Worship at Faith Bible Church, NYC |
I met a few weeks ago with one of my MCCC philosophy students who told me that one reason he sees little use for religion and much use for science is that science progresses, while religion does not. I think it is true that religion, and philosophy does not progress. I think it is true that science does progress, but understanding the nature of progress in science is not that easy. For example, the history of science is the history of error. A scientific statement that today is A may well be Not-A tomorrow. I'm not certain that "progress" is the word to use regarding this.
Assuming science progresses (using "science" metonymically to mean something like "scientific knowledge, in terms of scientists who are the knowers), religion and philosophy do not progress in the same way. But to think this makes religion and philosophy inferior to science is like saying chess is inferior to football because in chess we don't kick field goals. This is to commit, in Gilbert Ryle's sense, a category mistake.
Consider this. One branch of philosophy is ethics. Religion is related to this in that religions prescribe moral values.
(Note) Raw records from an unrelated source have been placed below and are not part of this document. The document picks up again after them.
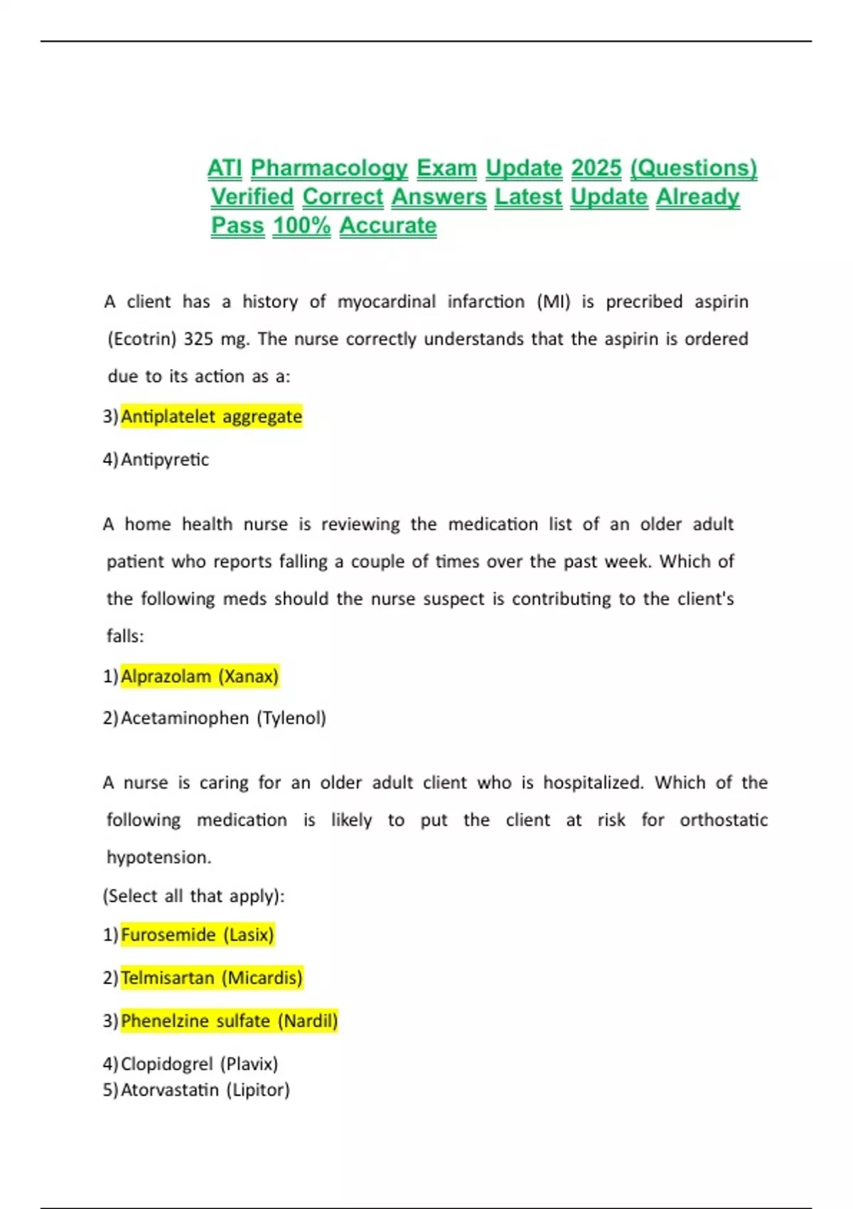 ATI Pharmacology Exam Update 2025 (Questions) Verified Correct Answers Latest Update Already Pass 100% AccurateATI Pharmacology Exam Update 2025 (Questions) Verified Correct Answers Latest Update Already Pass 100% AccurateATI Pharmacology Exam Update 2025 (Questions) Verified Correct Answers Latest Update Already Pass 100% AccurateATI Pharmacology Exam Update 2025 (Questions) Verified Correct Answers Latest Update Already Pass 100% AccurateATI Pharmacology Exam Update 2025 (Questions) Verified Correct Answers Latest Update Already Pass 100% AccurateATI Pharmacology Exam Update 2025 (Questions) Verified Correct Answers Latest Update Already Pass 100% AccurateATI Pharmacology Exam Update 2025 (Questions) Verified Correct Answers Latest Update Already Pass 100% Accurate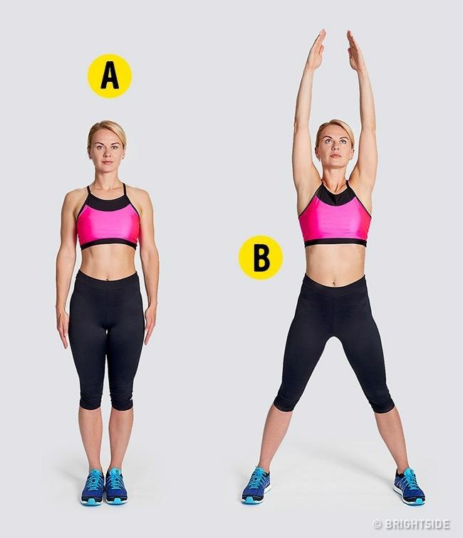 Bài tập thể dục có tên là Jumping Jacks là một phần trong chương trình huấn luyện quân sự ở Mỹ vì nó giúp cải thiện sức chịu đựng thể chất. Đứng thẳng ở vị trí ban đầu, 2 tay xuông theo thân. Thực hiện tư thế bằng cách dang rộng 2 chân sang 2 bên và nâng cánh tay qua đầu. Trở về vị trí ban đầu bằng động tác nhảy nhanh và lặp lại liên tục.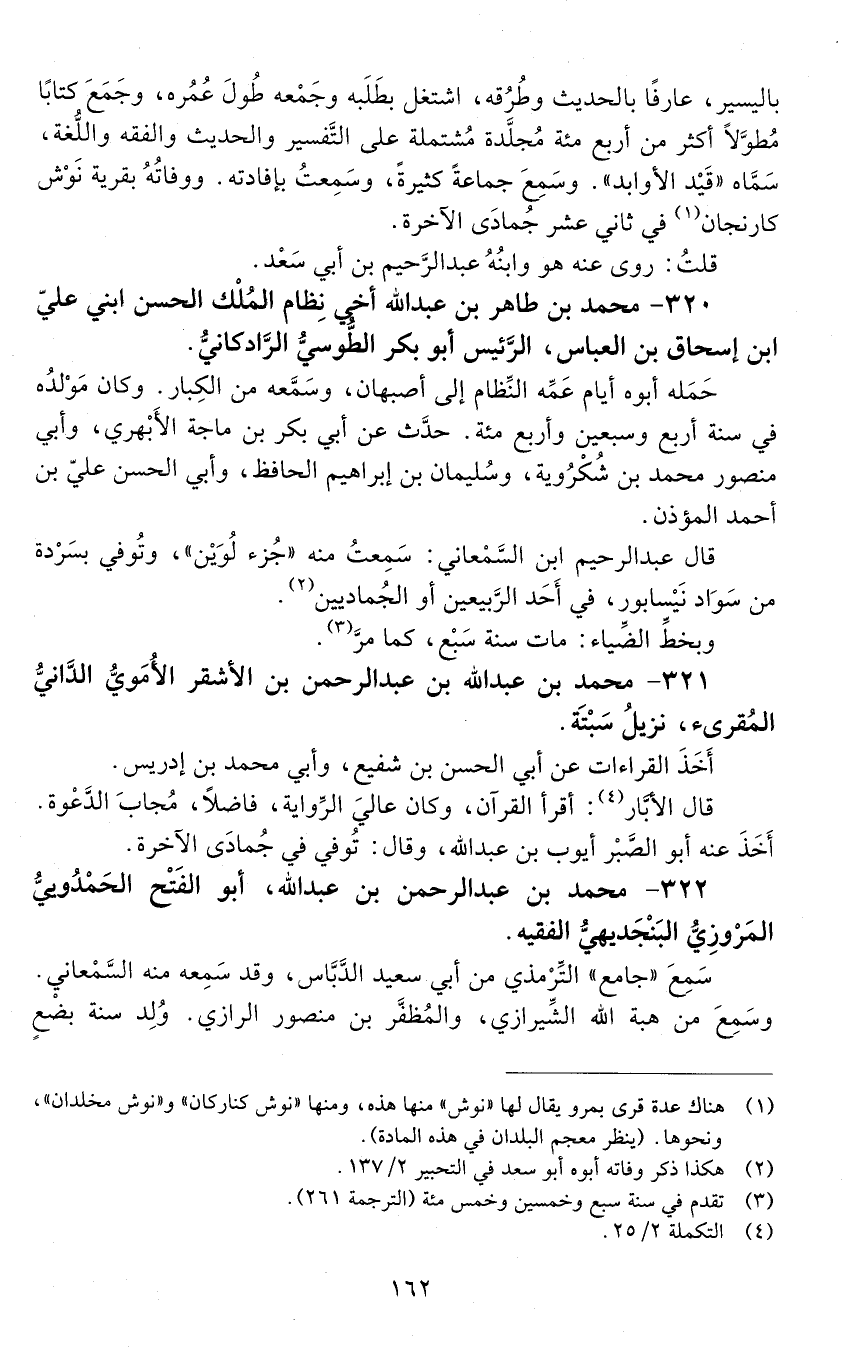 320 - مُحَمَّد بْن طاهر بْن عَبْد الله أخي نظام الملك الحسن ابني عليّ بْن إسحاق بْن الْعَبَّاس، الرئيس أبو بكر الطوسي، الرادكاني. [المتوفى: 559 هـ]

Religion is prescriptive, science is descriptive (or intends to be; again, it's not quite that simple). Philosophical ethics and religious belief have prescribed that It is wrong to kill. We see this in Judaism from 3000 years ago. Has there been any moral progress on It is wrong to kill during the last 3000 years? No. One should not attempt to use "progress" as an epistemic framework through which to view ethics. The questions remains; viz., is the statement It is wrong to kill true or false? Philosophy deals with that. But humanity has not "advanced" beyond that, whatever that might even mean.
Progress, therefore, while it may be a virtue in science, is not a virtue in philosophy and religion. It is simply wrongheaded to reject religion for the reason that it has not progressed.